Bitcoin Rebound Has Crypto Options Traders Anticipating $100K
The number of active bitcoin call contracts is significantly higher than puts, indicating bullish market sentiment.
The recent resurgence in Bitcoin’s price has ignited a surge in interest among options traders, particularly in out-of-the-money call options ranging from $70,000 to $100,000 strikes. Analysts indicate a prevailing sentiment that Bitcoin’s trajectory leans towards further upward movement.
Since Federal Reserve Chairman Jerome Powell dismissed the possibility of additional tightening or rate hikes, Bitcoin has surged by over 12% to $63,470, according to CoinDesk data. The validation of Powell’s stance by Friday’s disappointing U.S. nonfarm payrolls (NFP) data has further fueled Bitcoin’s recovery.
Consequently, there has been a discernible uptick in demand for Bitcoin call options on prominent platforms such as Deribit and over-the-counter (OTC) networks. These options are notably aimed at anticipating a rally towards new highs, potentially surpassing $75,000 and even reaching $100,000.
According to a note from QCP Capital on Monday, there has been a bullish continuation in volatility and rates following the rebound, with a notable demand for BTC September expiry $75,000 and $100,000 calls.

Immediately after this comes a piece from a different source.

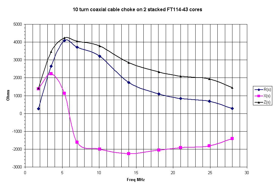 The MFJ-202B noise bridge has a greater range than the antenna analyzer and was used for further impedance measurements. The noise bridge was calibrated5 to increase the accuracy of measurements. Table 2 lists the common mode impedance of each toroid choke over the frequency range 1.8 through 28 MHz. Above 1.8 MHz all measured impedances exceeded 1000 ohms.

This trend is echoed by Paradigm, an OTC institutional cryptocurrency trading network, which observed increased demand for out-of-the-money (OTM) calls or those positioned well above Bitcoin’s current market rate.

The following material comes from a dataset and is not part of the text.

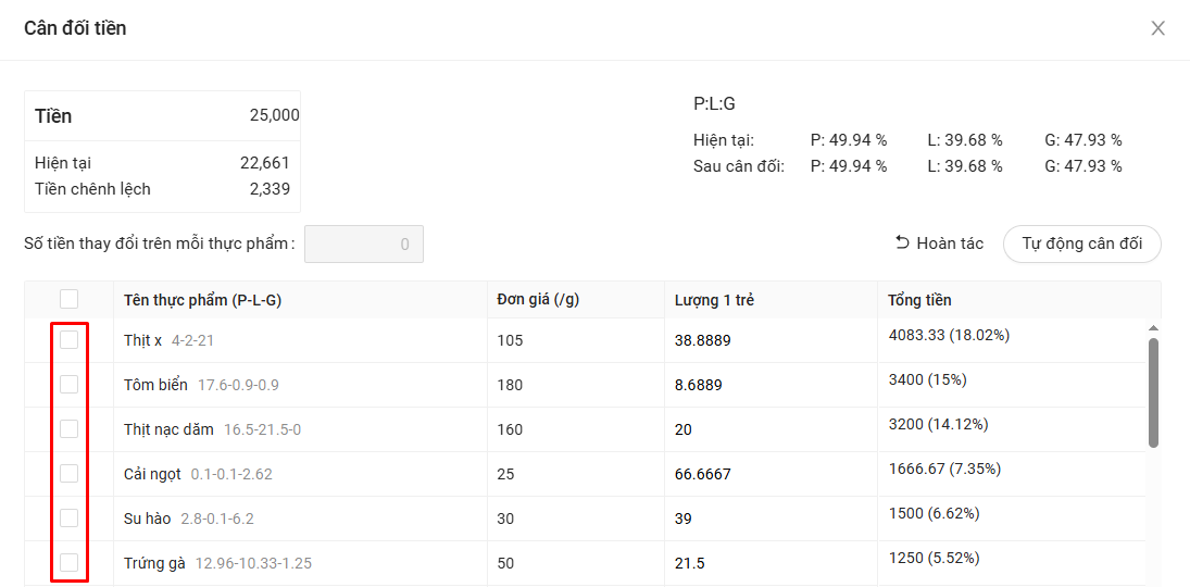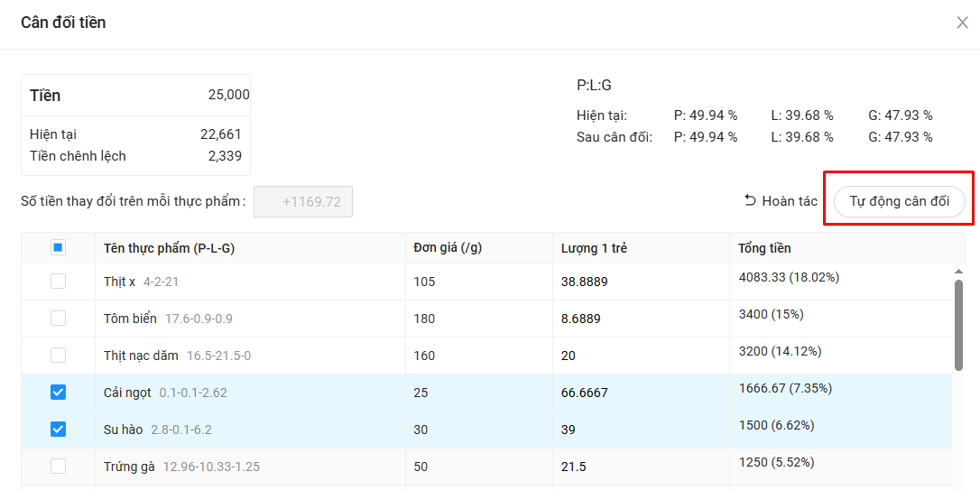Bước 3: Bấm vào nút Tự động cân đối. Phần mềm sẽ điều chỉnh lại lượng mua của các thực phẩm đã chọn để tiền chênh lệch về 0

Deribit data indicates a significant accumulation of over $688 million in call options with a $100,000 strike across various maturities, marking the highest notional open interest among all options listed on the exchange.
At present, more than 150,000 call option contracts with a total value of $9.5 billion are active on Deribit, reflecting bullish market sentiment, as evidenced by the fact that this volume is more than double the open interest in put options.
Market analysts, encompassing both fundamental and technical perspectives, are largely aligned in their view that Bitcoin’s trajectory is tilted towards higher values. Factors such as the U.S. election cycle and ongoing deficit spending continue to underpin this bullish sentiment.
10X Research, for instance, adjusted its strategic threshold from 68,300 to 62,000, suggesting a tactical bullish stance above the latter figure. Swissblock Insights anticipates a continued defensive stance for the dollar index (DXY), which typically bodes well for risk assets, including cryptocurrencies. Elliot wave analysis by John Glover, chief investment officer of Ledn, suggests a potential rise in Bitcoin’s price to around $92,000.
As per Elliot wave theory, trends unfold in five waves, with 1, 3, and 5 representing the primary trend, while 2 and 4 denote temporary retracements. Glover’s analysis indicates a forthcoming upward movement in Bitcoin’s price trajectory.